When he was gone, I cleaned things and bought maternity clothes that I don’t quite need (though I do love the stretchy waistbands) and dined a lot with my friends. I finally got over that mysterious second-trimester nausea I’d been dealing with. I lounged by the pool, read some wonderful books, and tried to enjoy my time alone. Seven nights by myself, though, was more than enough, and five nights the next week sharing a hotel room with a future coworker had me completely worn out by the end. My training was surprisingly good, the hotel was nice, and the food was much better than average, but I ached to be home. It’s possible that I am not the world’s biggest homebody, but I would like to think I’m in the running for that prize. More than my house, I wanted to be with the person who makes me laugh with his terrible jokes, who finishes my sentences, who makes a mean batch of shrimp and grits. Now that I have had a couple of days of decompression in one of my favorite places in the world with Mike and my mom and some new-ish friends, I am feeling a little bit more like myself. As an introvert, I need to be with the people who are my solace and my home. I felt far away for a couple of weeks, but I am finding my way back.
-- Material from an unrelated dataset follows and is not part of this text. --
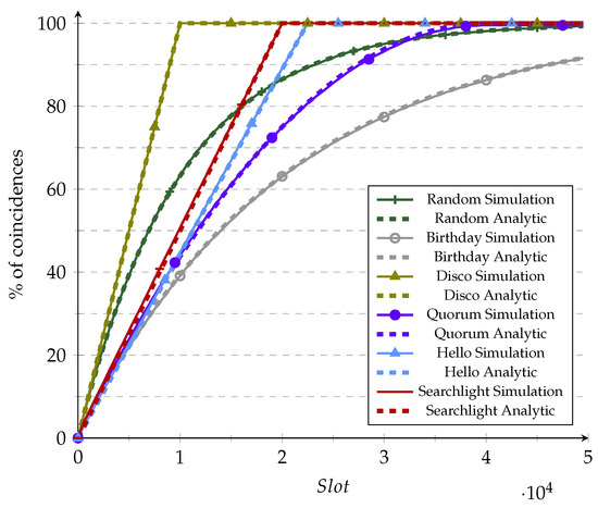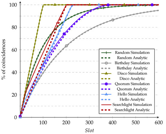 This section validates the proposed framework using simulations developed in Python. For this, we implemented the behavior of each protocol according to their specifications, adding the probability of success . Each protocol was simulated 100k times using a different seed for each experiment. The seed changed random numbers, shifts, and the start of each simulation for each protocol. A coincidence occurs when the protocol dictates that both devices are active during the same slot and a uniform randomly generated number for each of the two devices. The simulation parameters for each protocol for 10% and 1% duty cycle are shown in Table 2. Those parameters are selected to accomplish the required duty cycle as close as possible.

I should confess that I have been having a little bit of an identity crisis. I am sure that a lot of women experience that during pregnancy, the question of who you are and who you are going to be. I am also changing jobs, and you can tell me that my identity shouldn’t be in what I do until you are blue in the face, but the truth is that what I do is important to me, and having a different job affects a few things about the way I see myself. Being away from Mike made me feel some of that even more acutely. It also helped to know that he has been pondering some of the same things.
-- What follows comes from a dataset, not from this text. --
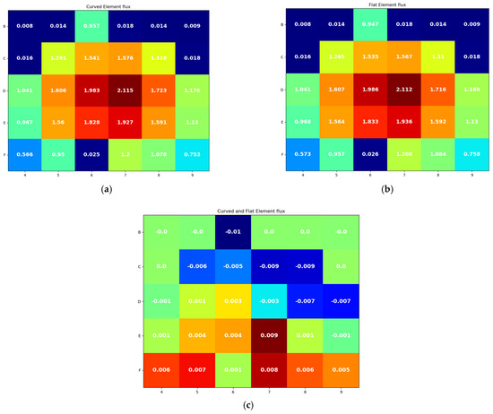 Radial flux of (a) curved fuel, (b) flat fuel, and (c) the difference between the fluxes.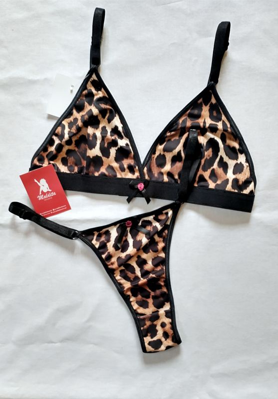 Conjunto triangulito de microfibra estampada con colaless regulable tiro alto.

I am assured, yes, I am assured, yes
I am assured that peace will come to me
A peace that can, yes, surpass the speed, yes
Of my understanding and my need
-Josh Ritter

Claire, Kelly, and Sarah have got me thinking about solace this week. Though the views from this porch are incomparable, a true picture of solace will have to wait until I get home, as I find myself without a camera this week.

Linking up to this week’s Wedded Wednesday.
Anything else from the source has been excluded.